Я судорожно поискал глазами потайную дверь. В молочно-белом свете, придавшем камере сходство с каменным подойником, стены оставались столь же слепыми и неприступными. Ни щелочки. Ни скважины, куда вошедший призрак мог бы вставить свой призрачный ключ…
Впрочем, разве он призрак?!
Он не казался старым. Маленькую голову покрывал тяжелый седой парик, тщедушное тело тонуло в пышных складках судейской мантии, огромные башмаки казались гирями, якорями на тонких, как у паука, затянутых в черные чулки ножках. Страшным он не казался тоже – ни страшным, ни величественным, а ведь даже деревенский староста, отправляя суд, старается выглядеть внушительнее и умнее, чем обычно…
– Здравствуйте, господа.
От звука этого голоса меня прошиб холодный пот.
Ненавижу скрежет железа по стеклу. Ненавижу тихий треск рвущейся паутины; голос Судьи вбирал в себя все подобные звуки, неявно вбирал, но так, что мне захотелось зажать уши.

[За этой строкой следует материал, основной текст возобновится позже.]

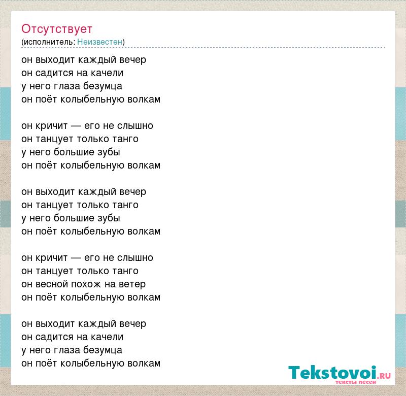 он выходит каждый вечер он садится на качели у него глаза безумца он поёт колыбельную волкам он кричит — его не слышно он танцует только танго у него большие зубы он поёт колыбельную волкам он выходит каждый вечер он танцует только танго у него большие зубы он поёт колыбельную волкам он кричит — его не слышно он танцует только танго он весной похож на ветер он поёт колыбельную волкам он выходит каждый вечер он садится на качели у него глаза безумца он поёт колыбельную волкам

Воришка скорчился на каменном полу, изо всех сил прижимая руки к животу. Женщина икнула. Старикашка сидел неподвижно, спокойно сидел, вроде как у себя дома, но одноглазый разбойник жался к его колену, а потому вся компания выглядела дико. Фальшиво выглядела, как на лубочной картинке, изображающей житие какого-нибудь доброго отшельника…
– Что ж… – Судья огляделся, будто выбирая место поудобнее, отступил к стене, привалился к ней плечами и скрестил руки на груди. – Вот, так я будто бы всех вижу…
У него было маленькое темное лицо с голым подбородком и тонким крючковатым носом; пряди седого парика небрежно свешивались на лоб, а из-под них посверкивали глаза, похожие на две черные булавочные головки.
– Господа, каждого из вас привела сюда его собственная крупная неприятность… Что ж, приступим.
– Выслушайте! – сбивчиво проговорила женщина. – Я расскажу, я… выслушайте, я не…
– Выслушивать не стану.
Под булавочным взглядом Судьи язык узницы благополучно прилип к нёбу. В поисках поддержки она вцепилась в одежду старикашки, который и сам уже не выглядел столь благостным – бледен стал старикашка, а в молочном свете надвигающегося Суда его бледность казалась совсем уж бумажной.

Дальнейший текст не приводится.